WORK TO COMPLETE: Word-for-word transcription: reproduce all of the data, but not the pictures.

------ DATA BLOCK ------

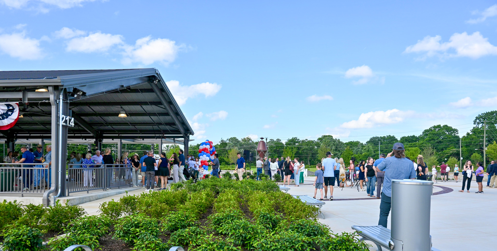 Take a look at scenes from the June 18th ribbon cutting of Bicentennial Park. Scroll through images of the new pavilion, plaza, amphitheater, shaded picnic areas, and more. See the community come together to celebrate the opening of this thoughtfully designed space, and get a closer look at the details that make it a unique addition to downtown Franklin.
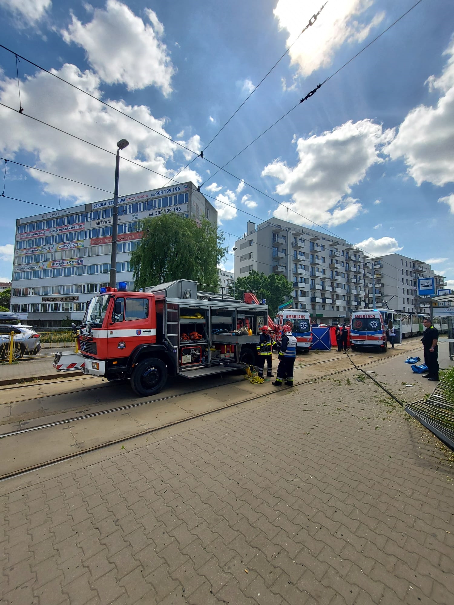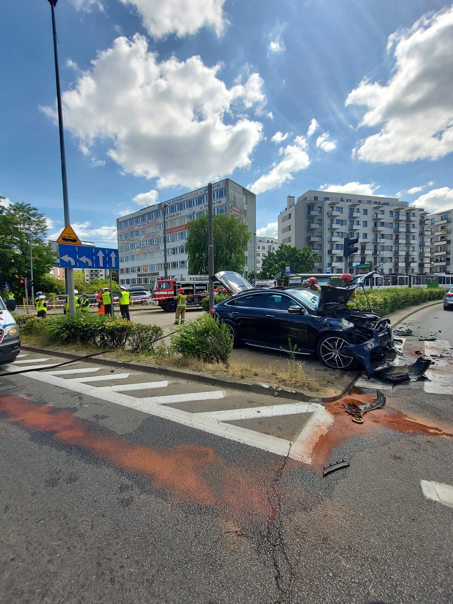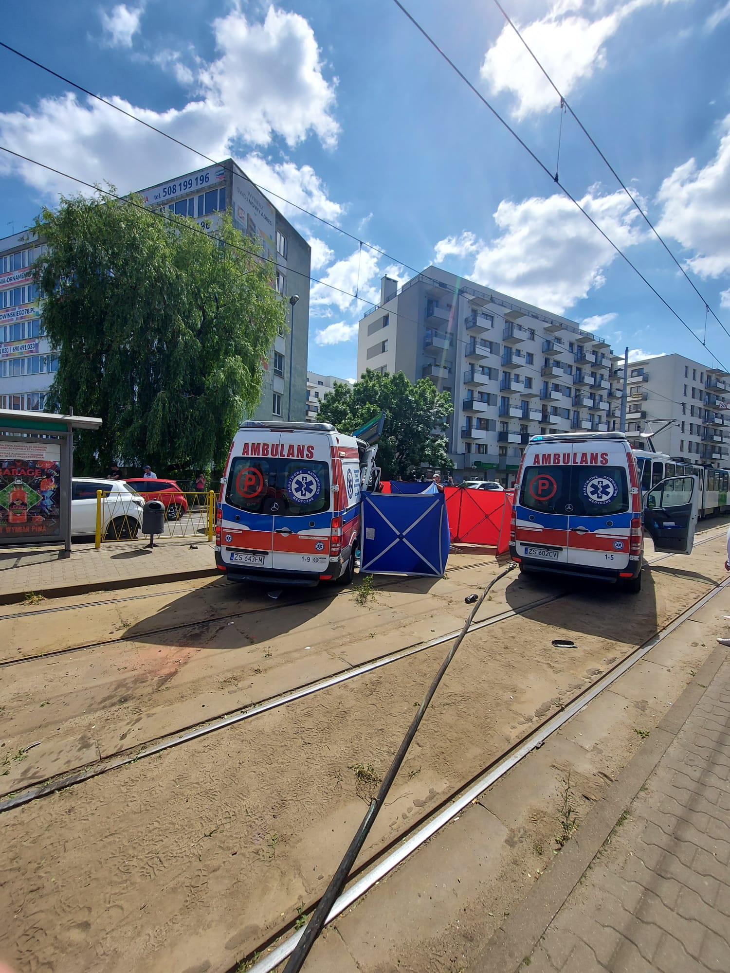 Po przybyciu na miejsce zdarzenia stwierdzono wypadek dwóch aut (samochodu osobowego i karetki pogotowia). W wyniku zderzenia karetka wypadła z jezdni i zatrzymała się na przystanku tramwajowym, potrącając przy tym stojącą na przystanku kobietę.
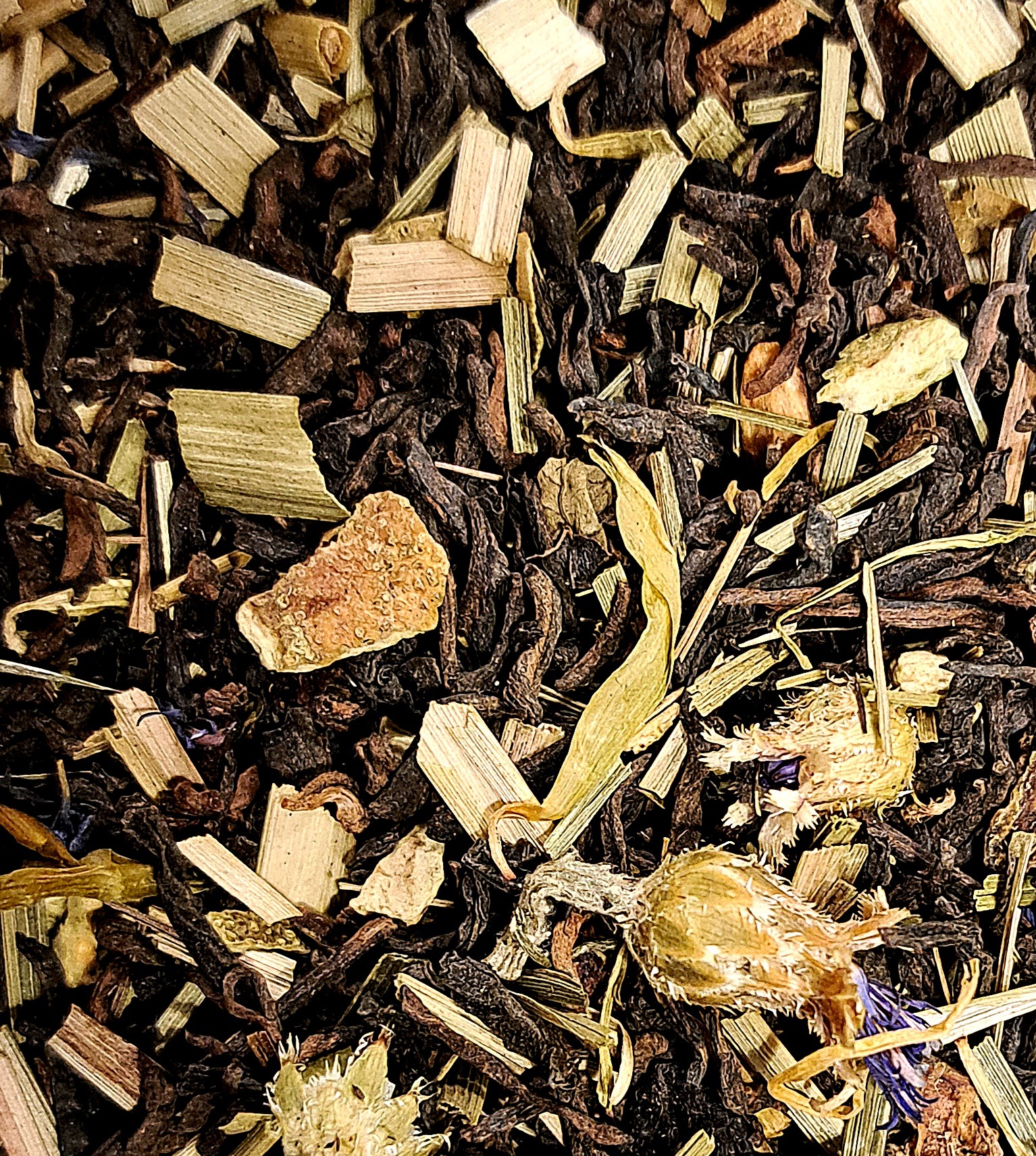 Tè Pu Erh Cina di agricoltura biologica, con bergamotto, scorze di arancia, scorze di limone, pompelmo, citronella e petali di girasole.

------

REPLY:
 Take a look at scenes from the June 18th ribbon cutting of Bicentennial Park. Scroll through images of the new pavilion, plaza, amphitheater, shaded picnic areas, and more. See the community come together to celebrate the opening of this thoughtfully designed space, and get a closer look at the details that make it a unique addition to downtown Franklin.
 Po przybyciu na miejsce zdarzenia stwierdzono wypadek dwóch aut (samochodu osobowego i karetki pogotowia). W wyniku zderzenia karetka wypadła z jezdni i zatrzymała się na przystanku tramwajowym, potrącając przy tym stojącą na przystanku kobietę.
 Tè Pu Erh Cina di agricoltura biologica, con bergamotto, scorze di arancia, scorze di limone, pompelmo, citronella e petali di girasole.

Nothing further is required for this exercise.